Heathrow is hoping to get government approval for a third runway this year. In the meantime, it is investing £180 million in improving cargo facilities to process it more efficiently. The plan, announced in November 2015 includes a specialist pharmaceutical storage area, a valuable business segment for Heathrow worth £2.8 billion in exports.

Platts says Heathrow handles 91 per cent of the UK’s pharmaceutical exports to India, 70 per cent to Hong Kong and 34 per cent to China by value. For time sensitive exports as a whole, Platts tells ACW: “Airfreight is critical for time sensitive industries such as pharmaceuticals, biotech and food. Exports to medicines have risen by 97 per cent and 87 per cent over the past two years due to world health crises.”

Fresh salmon, primarily from Scotland, is another temperature sensitive product Heathrow handles a lot of. Platts says it is the largest export by weight and second biggest food export. “With the majority of salmon coming from Scotland, producers rely on Heathrow as a hub airport to get the product to market as quickly as possible.”

It also wants to improve infrastructure to reduce congestion and halving process time to four hours.

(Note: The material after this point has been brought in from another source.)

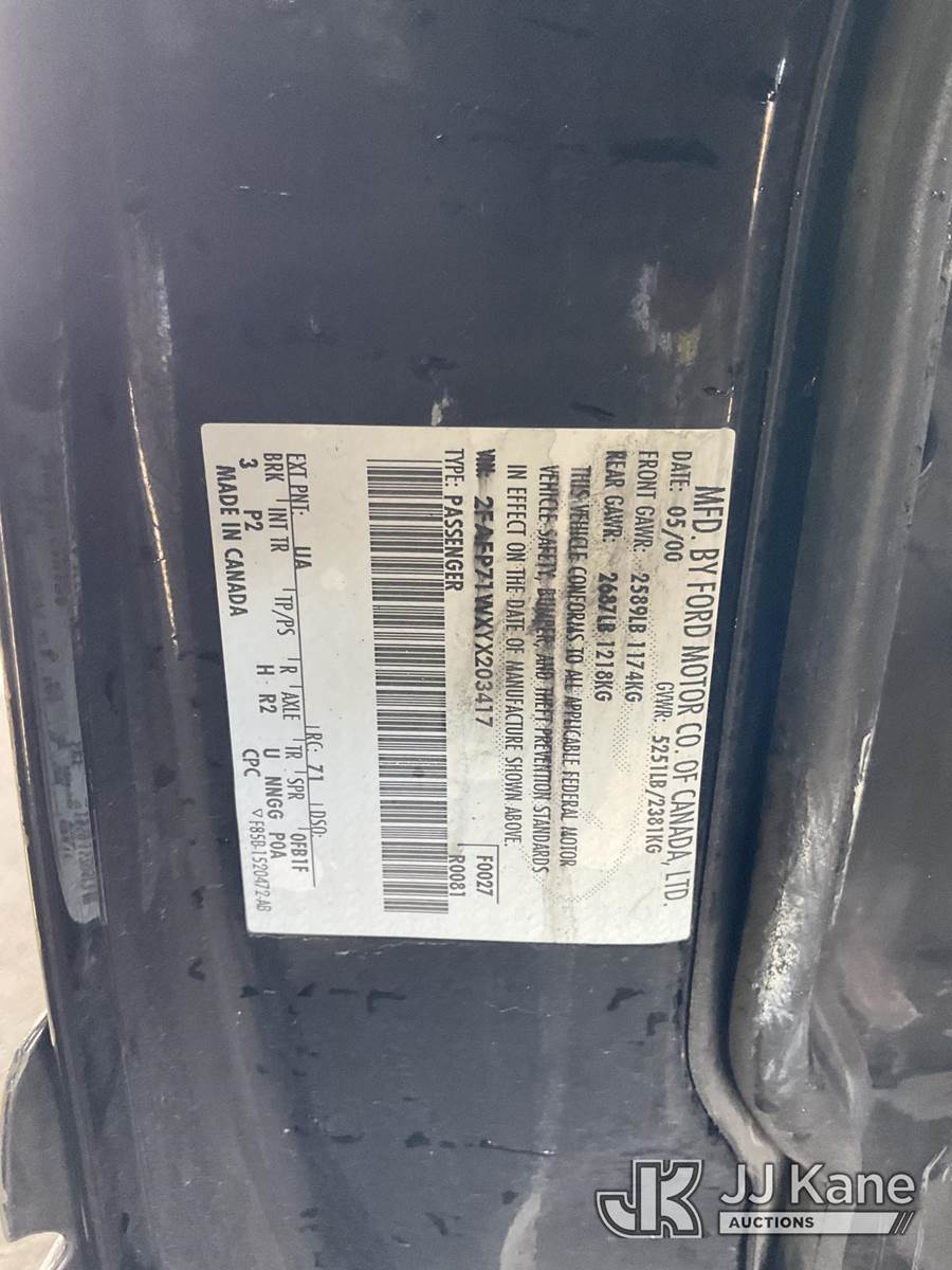 2000 Ford Crown Victoria Police Interceptor 4-Door Sedan, s/n 2FAFP71WXYX203417, 4.6L V8 SOHC 16V RWD, GAS, 4-Speed Automatic, A/C, (Exempt from Odometer Disclosure - Reads 68,933 miles) (Runs & Moves, Missing Catalytic Converter) (Bidding Restricted to Licensed Vehicle Dealers Only), This is a Titled Item NOTE: This unit is being sold AS IS/WHERE IS via Timed Auction and is located in Jurupa Valley, CA. Inspection & preview days for this unit are the 2 business days prior to the first day of items closing for this auction, item is located at 4510 Muth Way Jurupa Valley, CA 92509 and hours of operations are 8a-4p. For pre-sale questions, please contact please contact Office Staff @ (310) 353-7140. Dealer License Number 45696. (Buyer is responsible for removal. Assistance by consignor or JJ Kane Auctions is not assured.)

The project should be delivered by the end of 2017.

Platts tells ACW: “In 2016 we will develop detailed plans to deliver a call forward facility for HGVs, an airside transhipment facility, fast-track access for cargo to airside areas and an improved security process. Additionally we’re revising plans to install stillage for the cargo operators.”

“Our blueprint plan is an opportunity for us to invest in improving our existing freight operation to make it more streamline and quicker for businesses.”

“With expansion, we can offer exporters more direct connections and more frequent flights on existing routes to and from Heathrow, whilst also increasing freight capacity to allow more freight to fly direct.”

“This would reduce time and cost barriers for businesses looking to export abroad, making the UK more globally competitive and driving trade, helping Britain to meet its export targets.”